WHAT THE TASK REQUIRES: Exactly the lines below, starting with the one containing "Statistics and Data" and going on through the one containing "Featured here is", must be reproduced, both ends included, and no pictures with them.

EXCERPTED DATA:
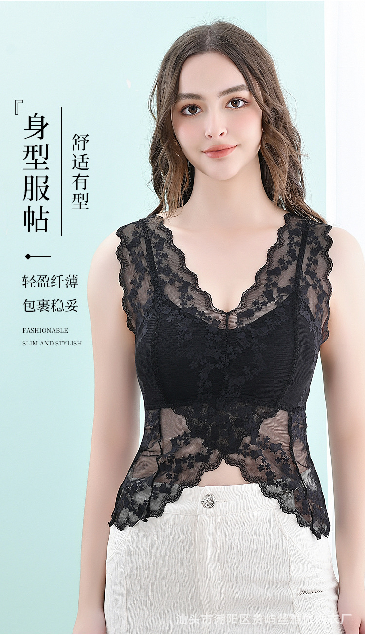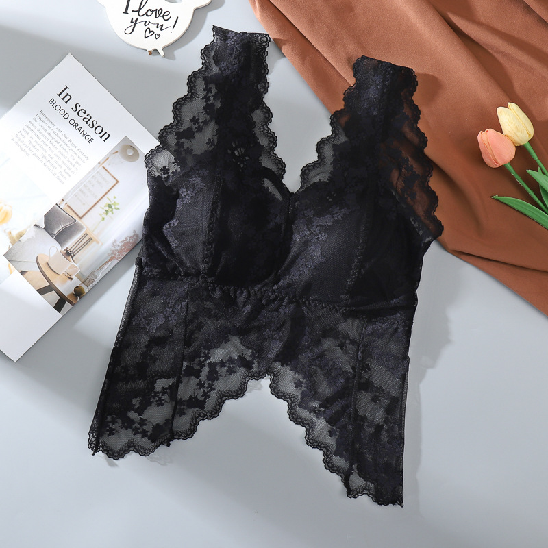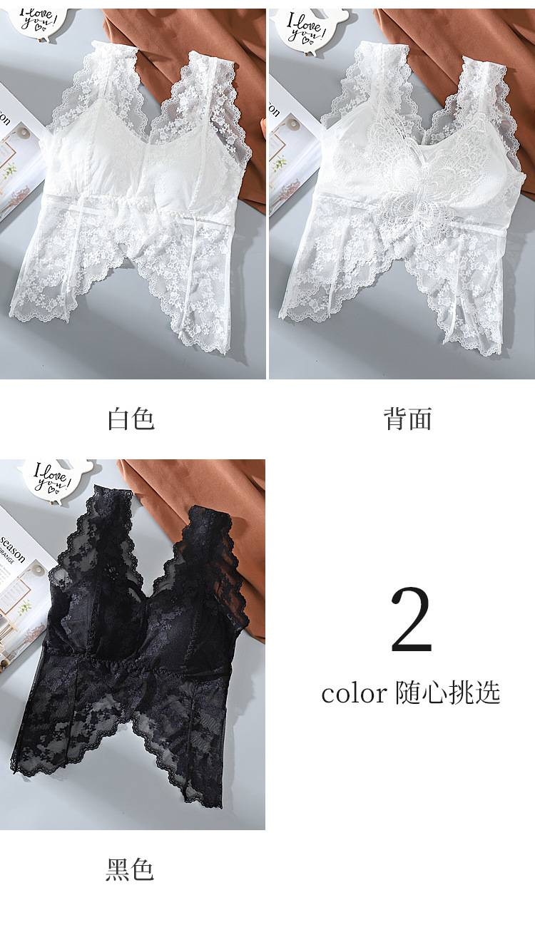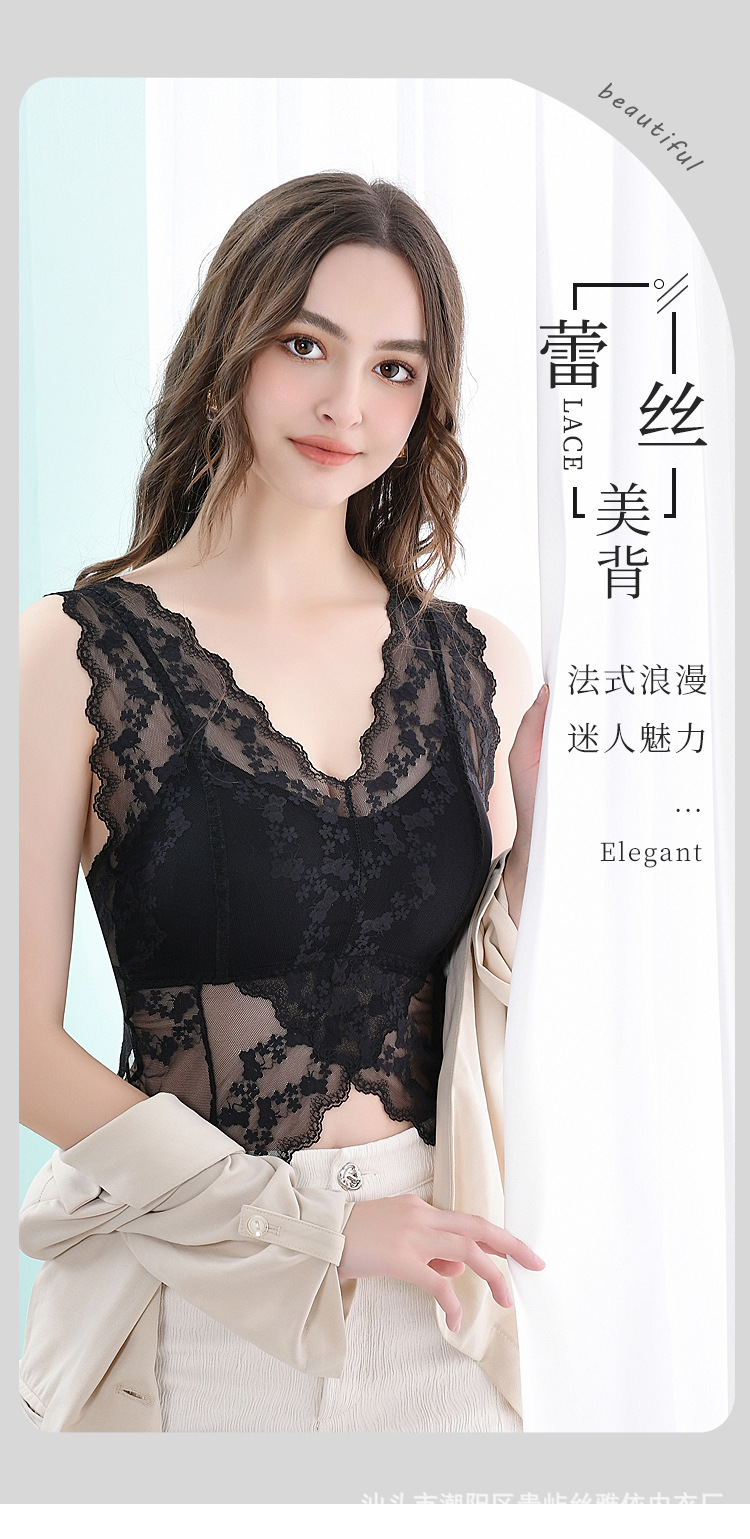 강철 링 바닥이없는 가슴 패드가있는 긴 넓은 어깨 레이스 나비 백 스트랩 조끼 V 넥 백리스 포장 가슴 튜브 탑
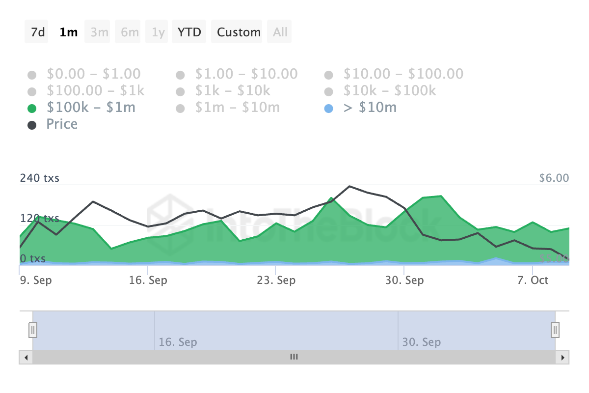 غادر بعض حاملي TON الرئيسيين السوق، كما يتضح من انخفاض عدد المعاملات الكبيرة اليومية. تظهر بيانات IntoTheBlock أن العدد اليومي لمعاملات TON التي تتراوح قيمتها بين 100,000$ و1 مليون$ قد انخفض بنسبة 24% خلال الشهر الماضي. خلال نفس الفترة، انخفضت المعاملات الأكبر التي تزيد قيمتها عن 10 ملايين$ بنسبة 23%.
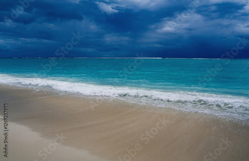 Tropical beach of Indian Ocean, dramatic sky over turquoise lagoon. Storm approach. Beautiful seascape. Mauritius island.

==

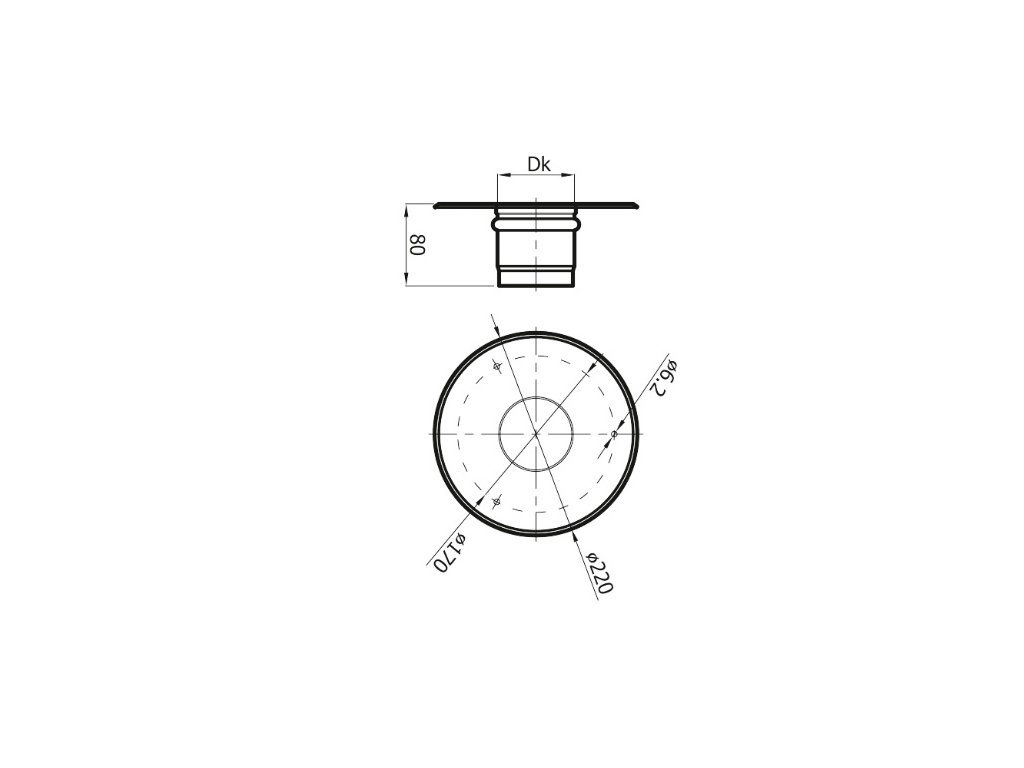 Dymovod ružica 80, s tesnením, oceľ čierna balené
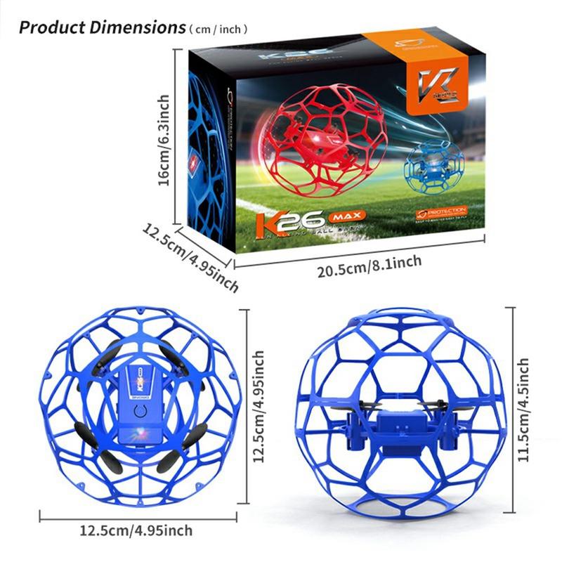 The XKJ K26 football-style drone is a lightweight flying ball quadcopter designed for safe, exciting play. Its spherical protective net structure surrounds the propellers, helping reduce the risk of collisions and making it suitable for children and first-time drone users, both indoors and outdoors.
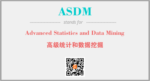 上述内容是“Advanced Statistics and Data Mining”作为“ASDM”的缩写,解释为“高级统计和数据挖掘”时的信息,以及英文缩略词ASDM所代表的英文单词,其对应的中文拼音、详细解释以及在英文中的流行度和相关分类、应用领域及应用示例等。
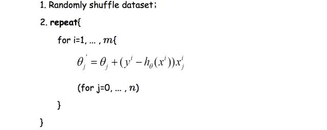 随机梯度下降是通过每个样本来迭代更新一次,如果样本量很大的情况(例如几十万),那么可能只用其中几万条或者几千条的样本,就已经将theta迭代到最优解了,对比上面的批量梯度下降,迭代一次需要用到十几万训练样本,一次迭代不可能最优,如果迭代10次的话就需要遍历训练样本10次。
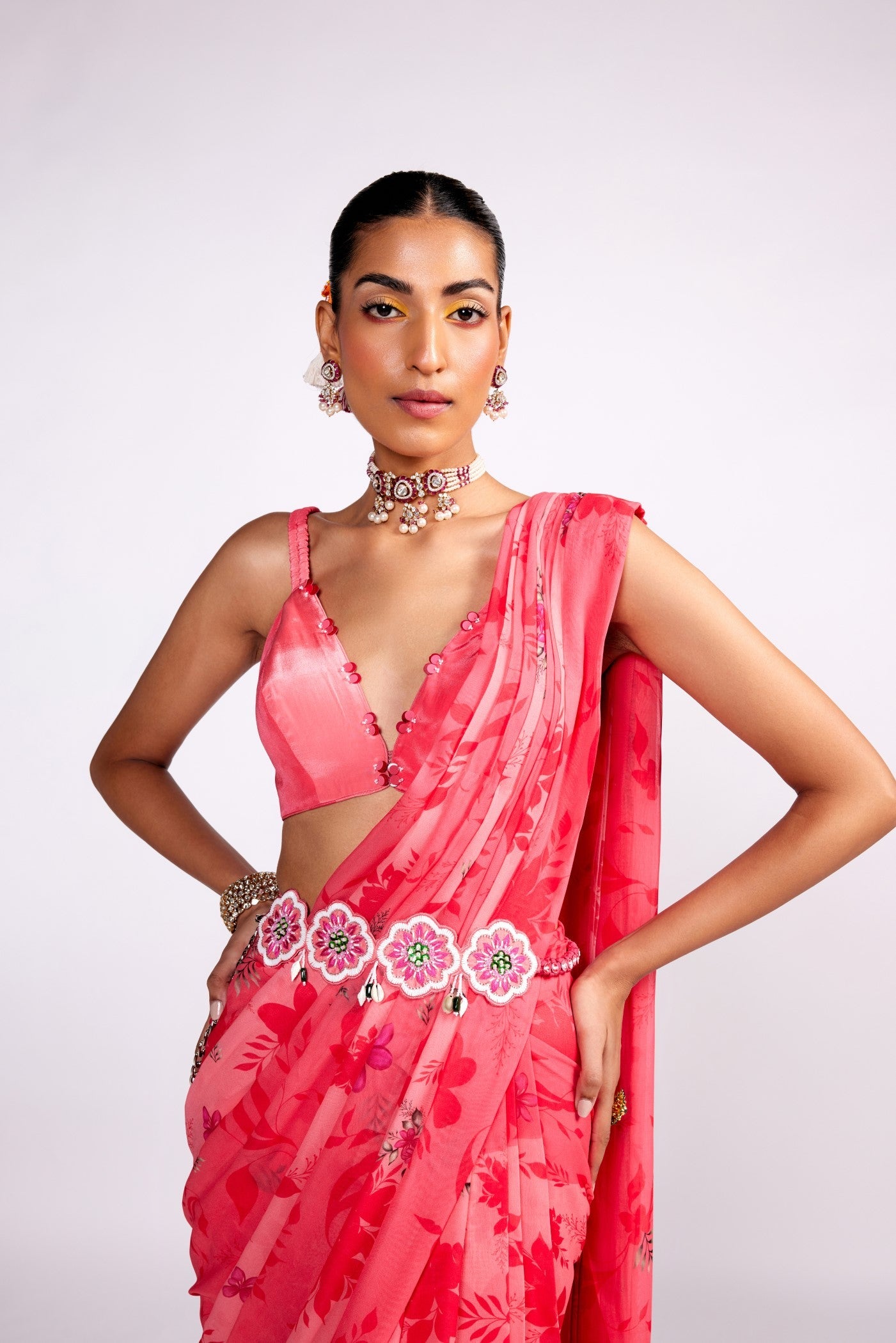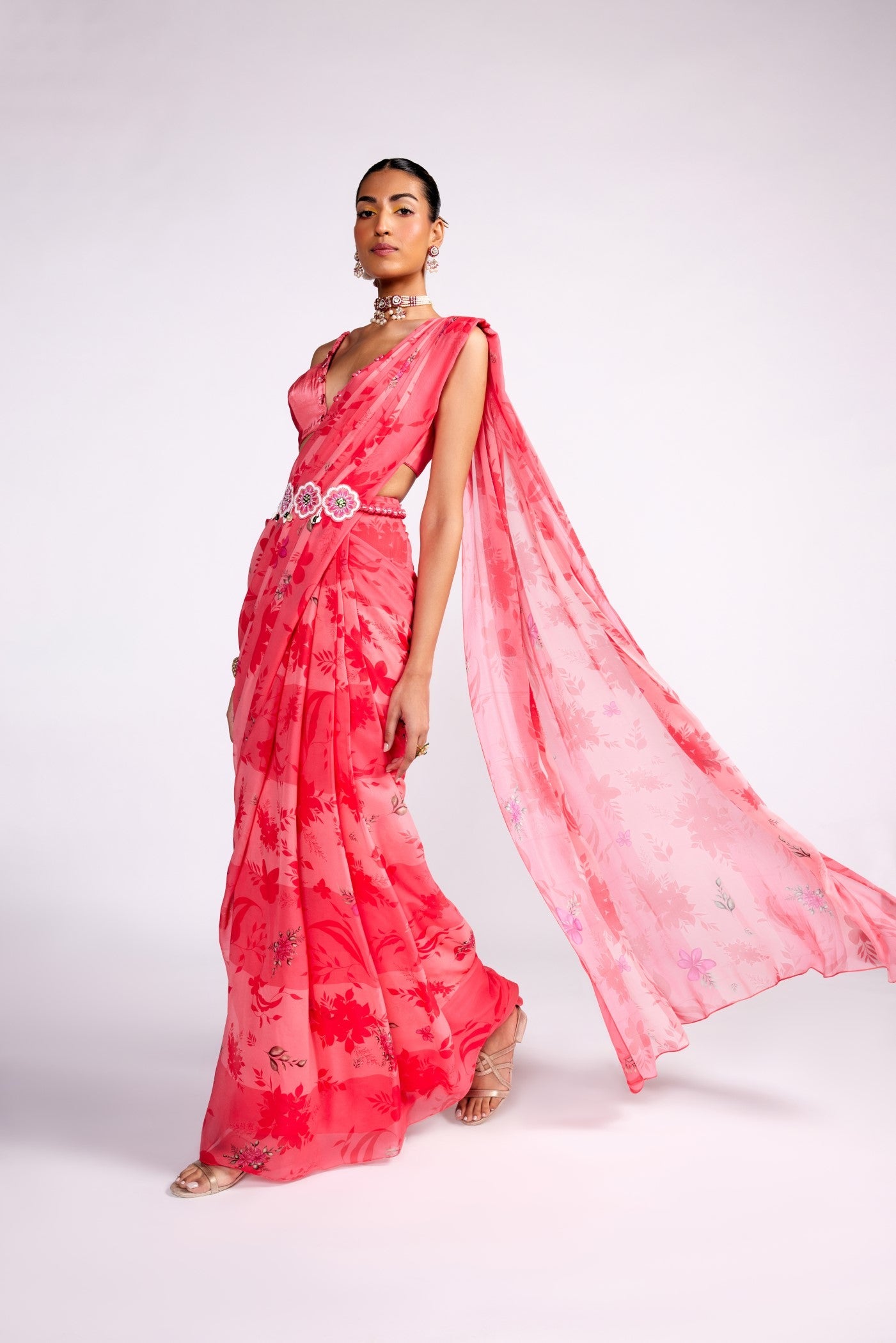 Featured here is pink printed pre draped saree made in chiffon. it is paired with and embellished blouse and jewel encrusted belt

--

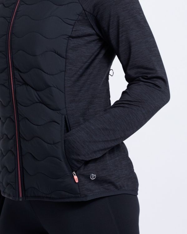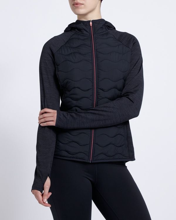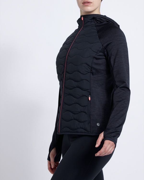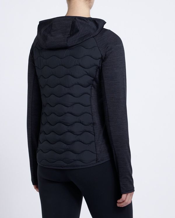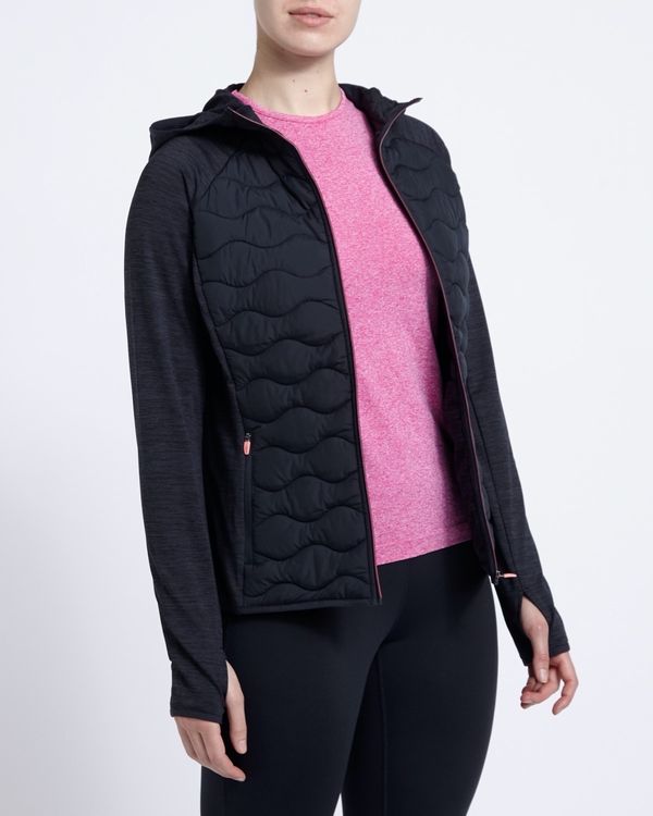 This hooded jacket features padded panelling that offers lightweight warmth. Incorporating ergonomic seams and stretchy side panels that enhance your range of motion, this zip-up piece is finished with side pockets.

ANSWER TO THE EXERCISE:
 上述内容是“Advanced Statistics and Data Mining”作为“ASDM”的缩写,解释为“高级统计和数据挖掘”时的信息,以及英文缩略词ASDM所代表的英文单词,其对应的中文拼音、详细解释以及在英文中的流行度和相关分类、应用领域及应用示例等。
 随机梯度下降是通过每个样本来迭代更新一次,如果样本量很大的情况(例如几十万),那么可能只用其中几万条或者几千条的样本,就已经将theta迭代到最优解了,对比上面的批量梯度下降,迭代一次需要用到十几万训练样本,一次迭代不可能最优,如果迭代10次的话就需要遍历训练样本10次。
 Featured here is pink printed pre draped saree made in chiffon. it is paired with and embellished blouse and jewel encrusted belt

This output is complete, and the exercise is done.